**Brief:**
Pictures are to be skipped. Retype exactly the lines from the top of the material through the one with "Использование этой схемы", and only those.

**Excerpted data:**
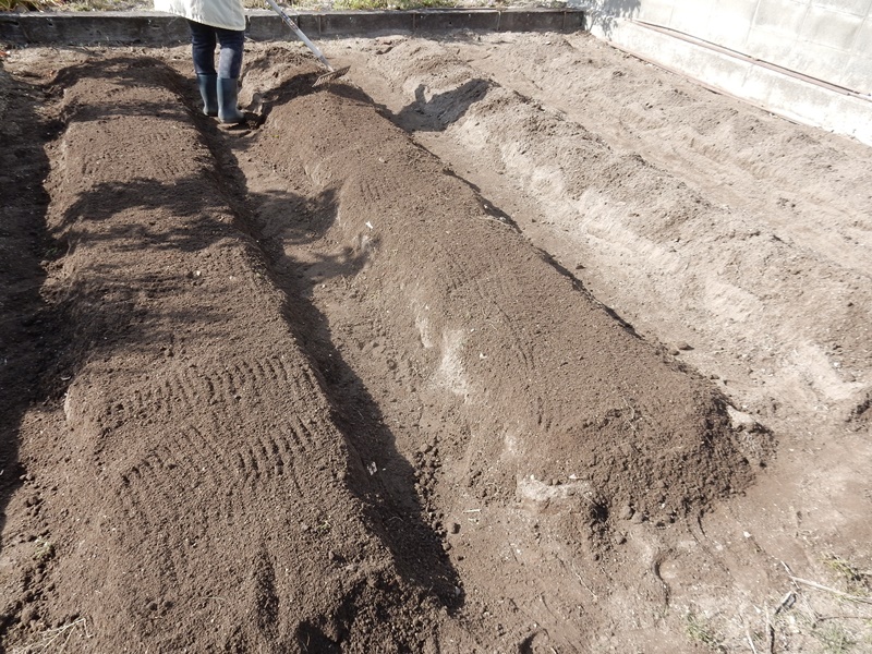 堆肥と肥料を入れて鋤いておきます
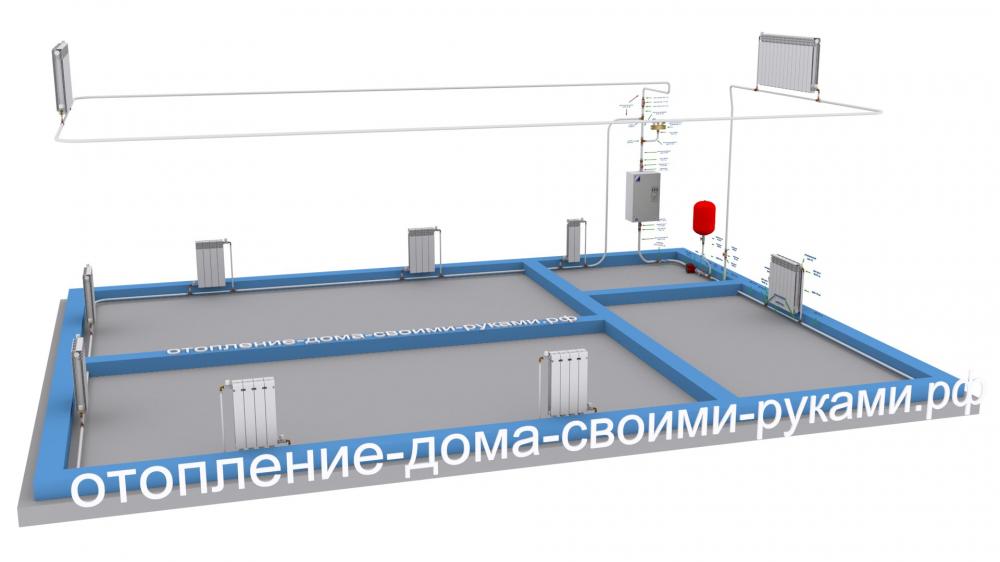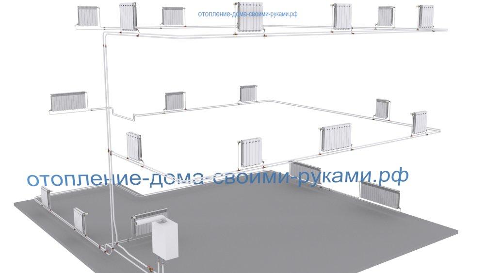 Использование этой схемы облегчает управление регулировки температуры каждого отопительного прибора.
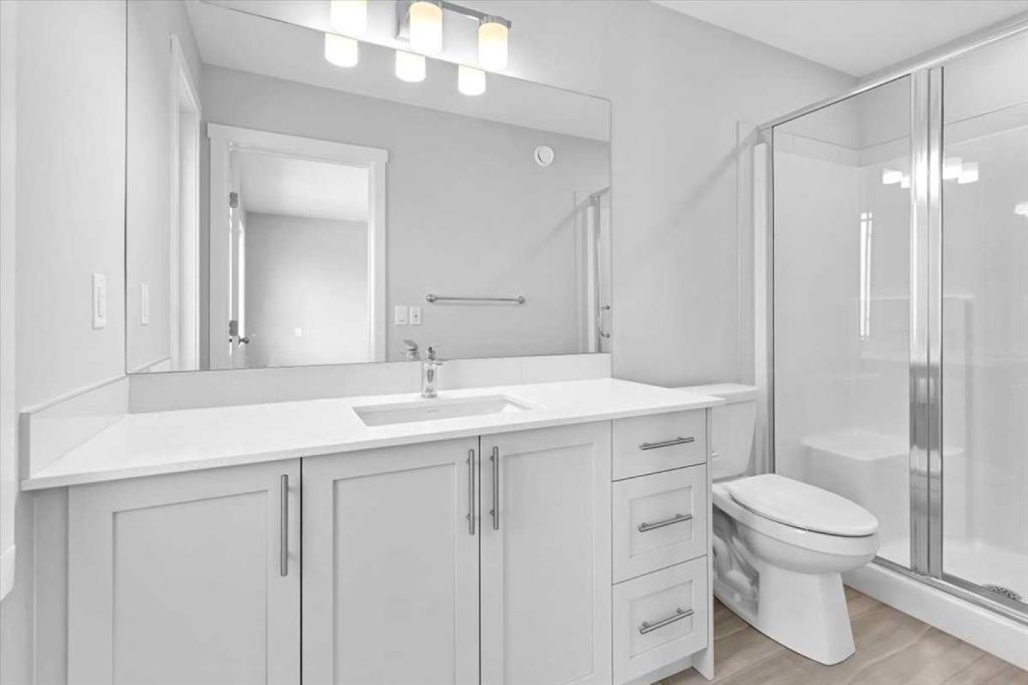 As soon as you step in to this property you will be greeted by nice foyer and coat closet. The main floor offers open layout, great kitchen with stainless steel appliances, Quartz countertops, good size kitchen island, upgraded cabinets with soft closing and under-cabinet lighting. The kitchen also comes with a generous size pantry with wired shelving.
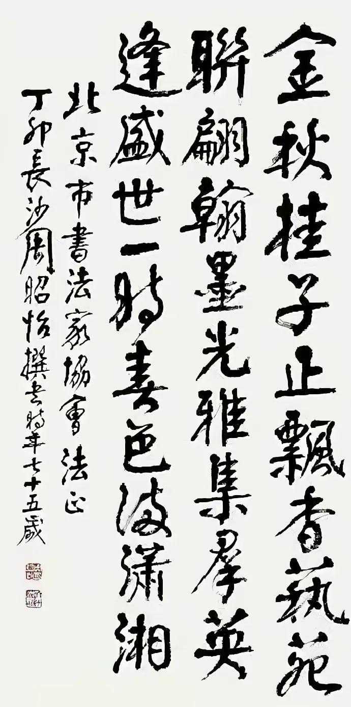 在20世纪的书法家中,从世纪之初的翁同龢,到民国的华世奎及谭延闿、谭泽闿昆仲,再到世纪末叶的周昭怡、翁闿运都是以颜体书法名世的翘楚。进入八十年代,作为当时中国书法家协会各省分会中唯一的女主席,周昭怡与南京的萧娴、哈尔滨的游寿、北京的萧琼被誉为中国四大女书家。从一位大家闺秀到书法大家,周昭怡一生未婚,用尽了她一生的精力、时间,奉献的是书法艺术。
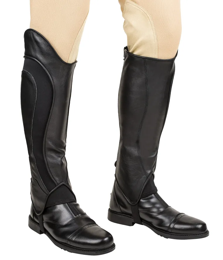 Form and function combine in the stylish and comfortable TuffRider® Men’s Derby Leather Half Chap. Crafted with textured, durable leather and flexible neoprene, this striking design contours to the shape of your leg securely and comfortably.
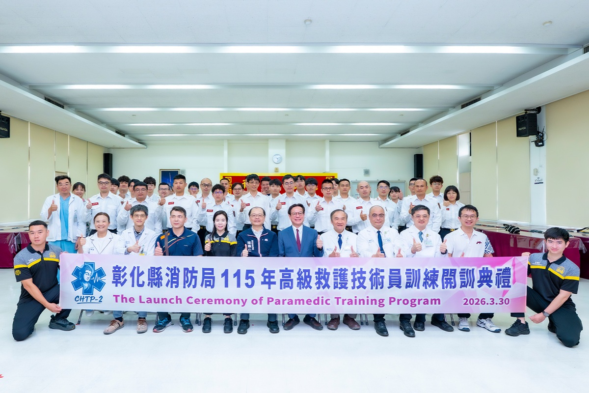 為強化中台灣急重症救護能量,彰化縣消防局與彰化基督教醫院於31日隆重舉行「115 年度高級救護技術員(EMT-P)培訓班」開訓典禮。彰基總院長陳穆寬教授強調,在醫療資源相對稀缺的中台灣,每一位 EMT-P 都是「移動的急診室」,是縮短城鄉醫療差距、提升急重症存活率的最關鍵力量。
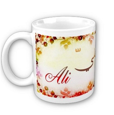 Mug avec le prénom "Ali" calligraphié en arabe (عليّ) ainsi que son épellation lettre par lettre en arabe.
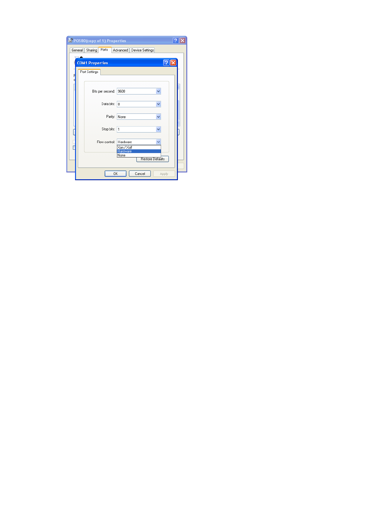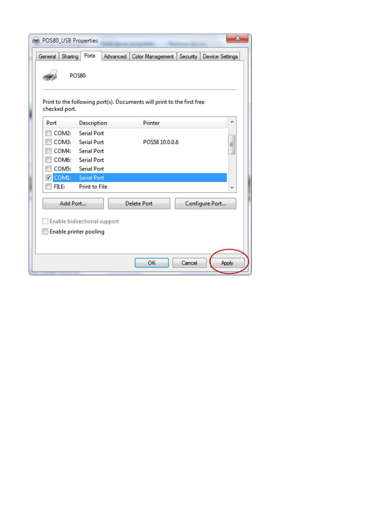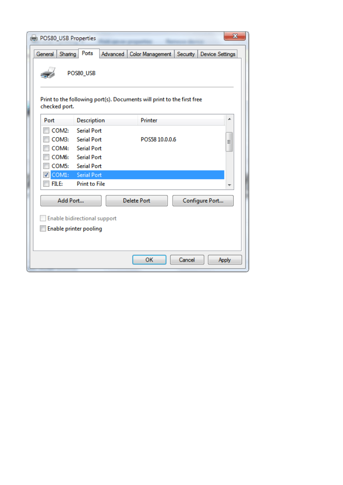 2. Select the list of ports "COM1" → "Configure Port", the printer factory
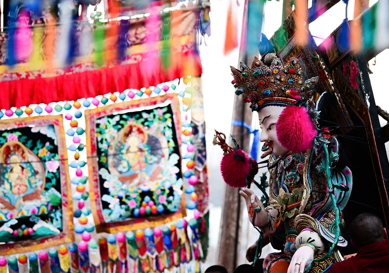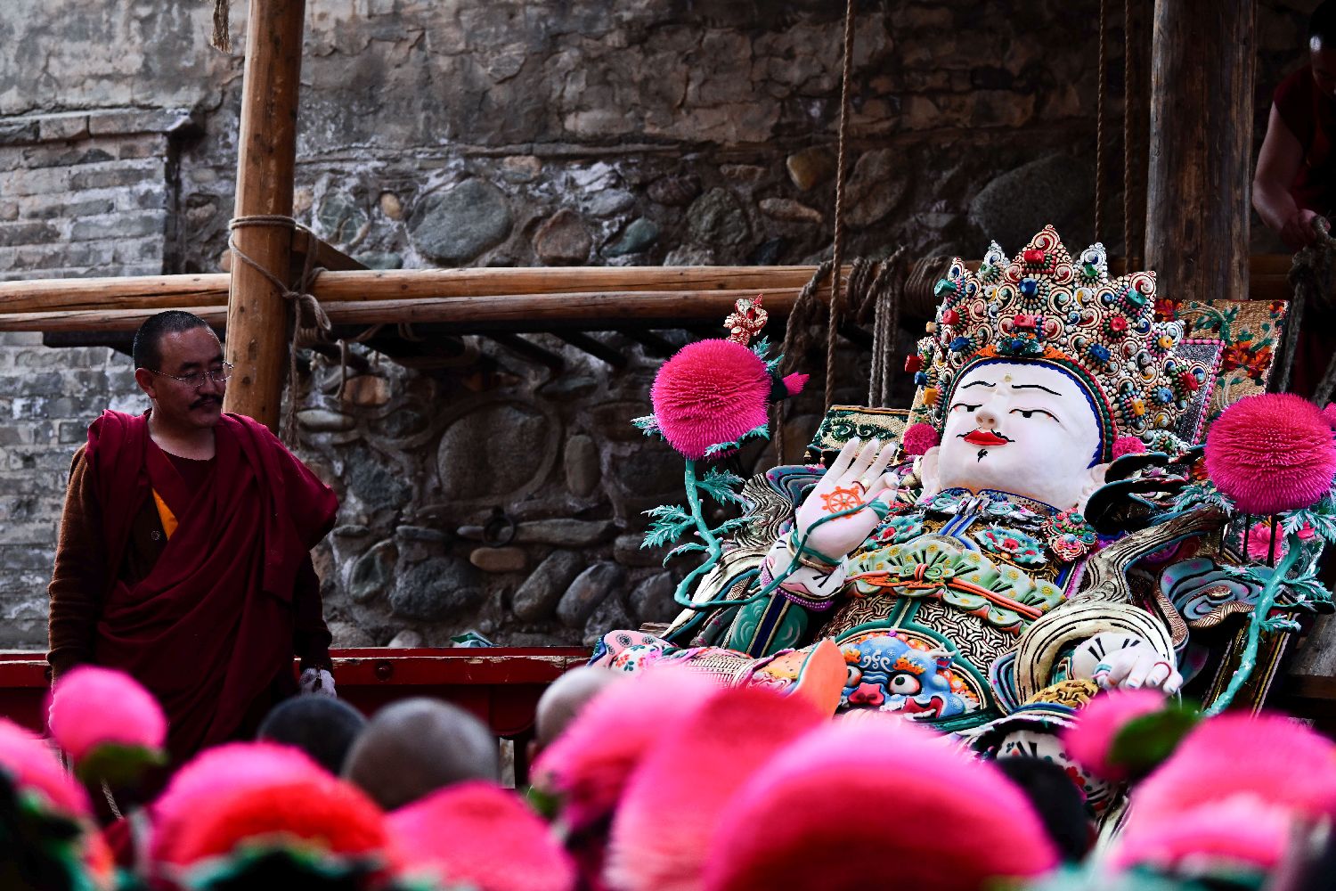 僧人们将制作好的酥油花搬上展台。(新华社)
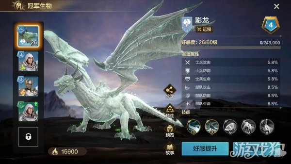 2、冠军生物主要包括好感度提升和赋能两种,前者提升士兵属性,后者提升部队属性,还会解锁新技能,特别是技能对于队伍提升非常大。
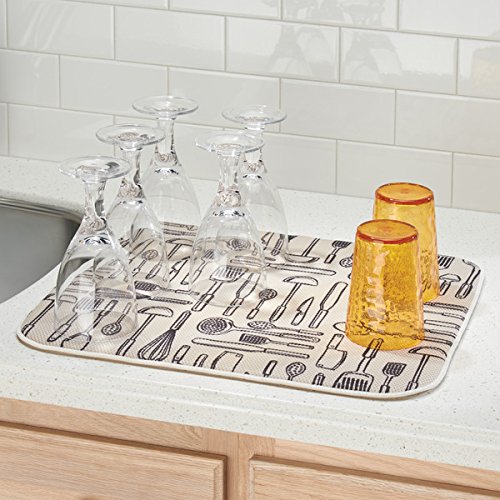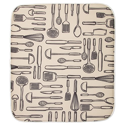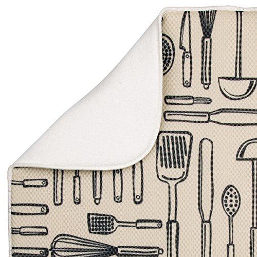 Set of 2 includes: 1 extra large dish drying mat, 1 large dish drying mat, both with a fun kitchen-themed pattern
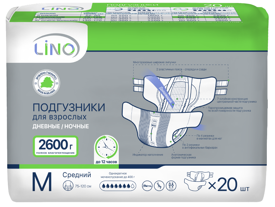Подгузники для взрослых LINO Дневные/Ночные с повышенной впитываемостью, рекомендуются для людей лежачих, с ограниченными возможностями или ведущих активный образ жизни; со средней или тяжелой степенью недержания. Время использования подгузника до 12 часов. Максимальная защита от протекания во время активного движения и в положении лёжа, в том числе на боку. С улучшенными свойствами фиксации подгузника, охвата талии и ног. Гарантируют долговременное ощущение сухости и защиту от возникновения опрелостей. подгузники предназначены для лиц со средней и тяжелой степенью недержания мочи и кала; высокая впитываемость и анатомическая форма подгузника обеспечивают надежную защиту в случае длительного использования днем и ночью, в том числе на боку; паропроницаемый внешний защитный слой – дублированный нетканый материал (плотностью не менее 26 г/м2), распределённый по всей площади подгузника гарантирует защиту от протекания, воздухообмену и испарению влаги, что снижает риск возникновения опрелостей; впитывающий слой состоит из распушенной целлюлозы и суперабсорбента (SAP), быстро поглощает и удерживает влагу, превращая ее в гель, создавая сухость внутри подгузника; специальная трехслойная конструкция впитывающего слоя (тампона) препятствует выходу суперабсорбента (SAP) наружу и контакту с кожей, что исключает вероятность возникновения раздражения и аллергии; широкие эластичные пояса на талии, cпереди и сзади (каждый в сжатом виде длиной не менее 12 см) создают плотное прилегание, защиту от протекания и устойчивую фиксацию подгузника на талии, препятствуют сползанию подгузника при движениях и ходьбе; застежки-липучки с микрокрючками (шириной 3 см) можно многократно крепить на подгузнике высокие антифекальные барьеры с эластичными резинками (по 2 штуки в каждом барьере) обеспечивают максимальную защиту от протекания по бокам подгузника; индикатор влагонаполнения, нанесенный по всей длине абсорбирующего слоя, позволяет определить наполнение подгузника в любом положении.
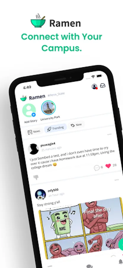 Ramen is a social media app targeted for college students. You sign up with your edu email to get access to your school's board where you can:
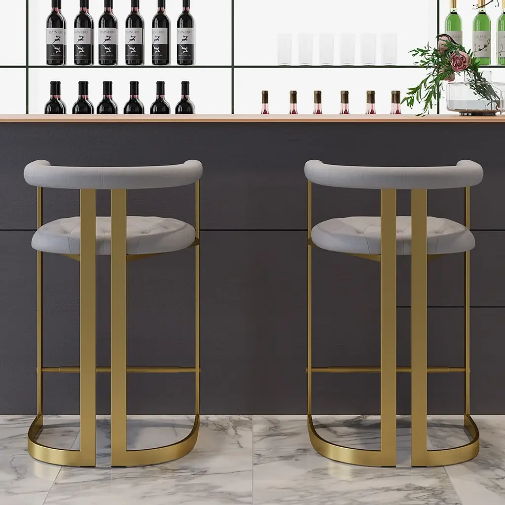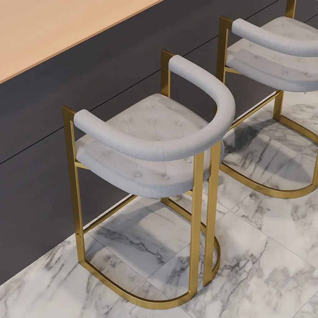 The modern height counter stool offers comfort and style with its rich gray velvet upholstery and sleek gold pedestal base. The seat is filled with foam to ensure comfort for long periods, while the stainless steel frame provides the needed durability and stability. With its low-back design, the adjustment stool will provide support and sophistication for your kitchens, bars, or dining areas. The elegant square seat adds a touch of contemporary style to any room, upgrading your decor with modern flair.
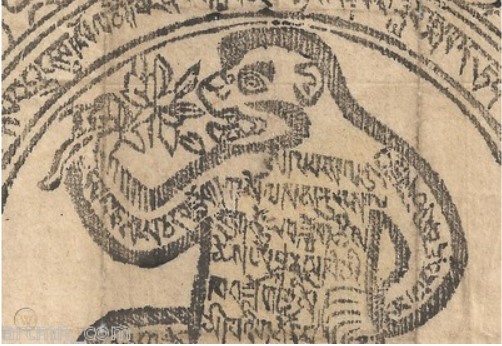 Pièce de mandala rituel, 19ème siècle, impression en bloc de bois sur papier de riz en langue tibétaine. C’est le mi teh qui apparaît dans les ornements des temples bouddhiques, les rouleaux peints de thangka religieux et les histoires traditionnelles..
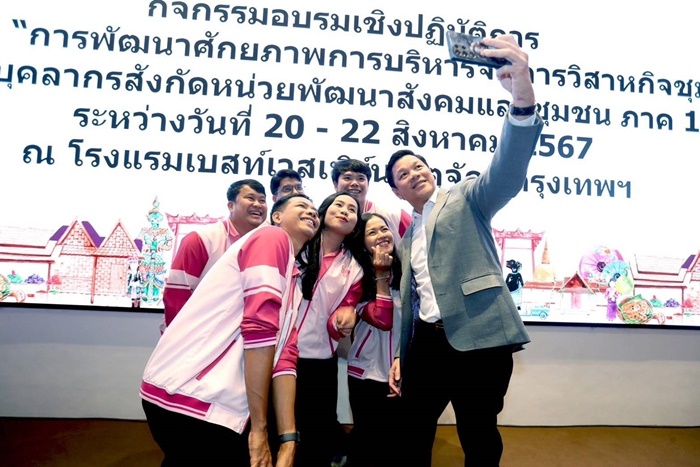 พร้อมกันนี้ยังได้เยี่ยมชมผลสัมฤทธิ์จากการอบรมหลักสูตรการพัฒนาศักยภาพการบริหารจัดการวิสาหกิจชุมชนของบุคลากรในสังกัดหน่วยพัฒนาสังคมและชุมชน สายงานกิจการสาขา 1- 6 และหน่วยงานพัฒนาจากส่วนกลาง ซึ่งถือเป็นการสร้างองค์ความรู้และพัฒนาศักยภาพบุคลากรขององค์กรที่ทำหน้าที่วิทยากรกระบวนการในการทำงานเพื่อสังคมและชุมชน เพื่อนำองค์ความรู้ถ่ายทอดต่อวิสาหกิจชุมชนที่รับผิดชอบ อันจะเป็นประโยชน์ต่อการปฏิบัติงานภายใต้แนวทางการพัฒนาชุมชนแบบองค์รวม เพื่อขับเคลื่อนบทบาทธนาคารเพื่อสังคมตามเป้าหมายต่อไป ณ โรงแรมเบสท์เวสเทิร์น จตุจักร กรุงเทพฯ เมื่อวันที่ 21 สิงหาคม 2567
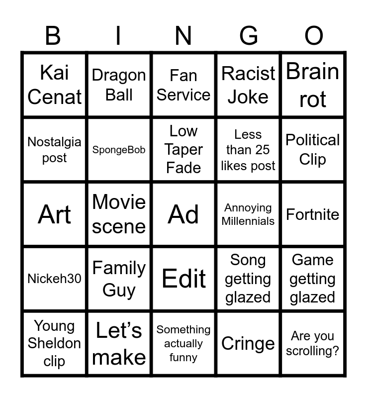 This bingo card has a free space and 24 words: Young Sheldon clip, Family Guy, Low Taper Fade, Cringe, Brain rot, Kai Cenat, Dragon Ball, Fan Service, Annoying Millennials, Fortnite, Art, SpongeBob, Song getting glazed, Game getting glazed, Nostalgia post, Let’s make, Something actually funny, Racist Joke, Political Clip, Nickeh30, Movie scene, Edit, Less than 25 likes post and Are you scrolling?.
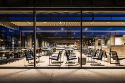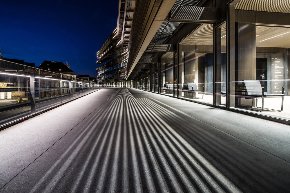 Inspired by the lines of lights from cars in long-exposure night shots, the external lighting was designed to highlight the linear dynamics of the building which rises parallel to the ground up to the top.
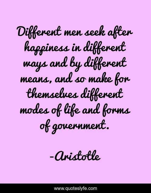 This page presents the quote "Different men seek after happiness in different ways and by different means, and so make for themselves different modes of life and forms of government.". Author of this quote is Aristotle. This quote is about life, men, government,.
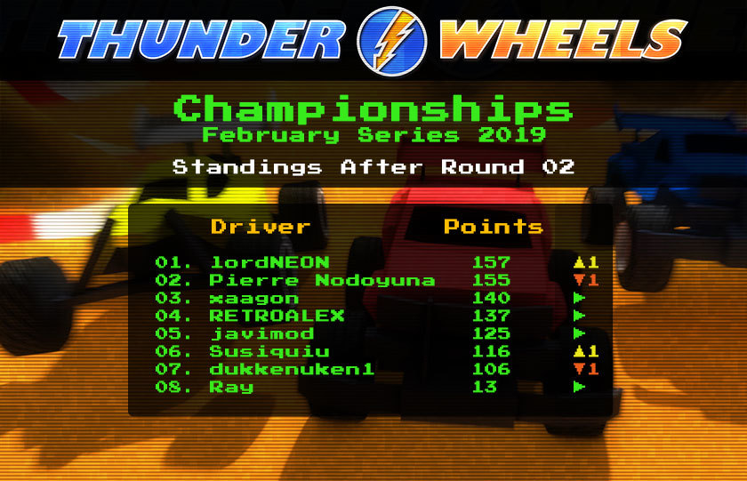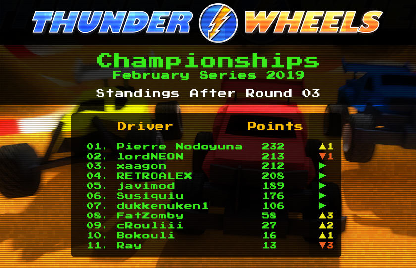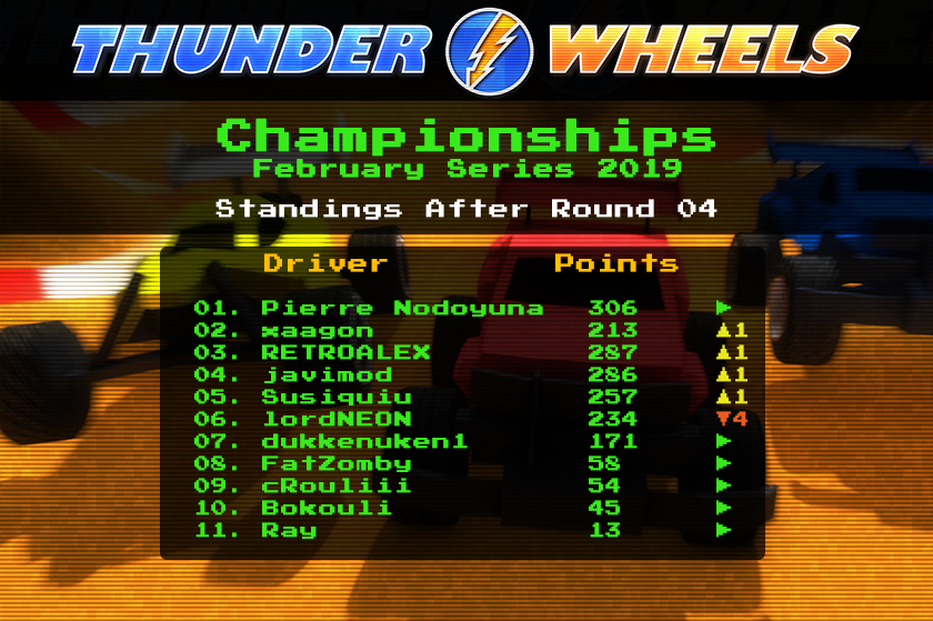 xaagon and Pierre Nodoyuna with 2 wins and 4 podiums each are tied in point in the lead of the championship!! RETROALEX did 3 podiums and is close behind!!

**Problem solution:**
 堆肥と肥料を入れて鋤いておきます
 Использование этой схемы облегчает управление регулировки температуры каждого отопительного прибора.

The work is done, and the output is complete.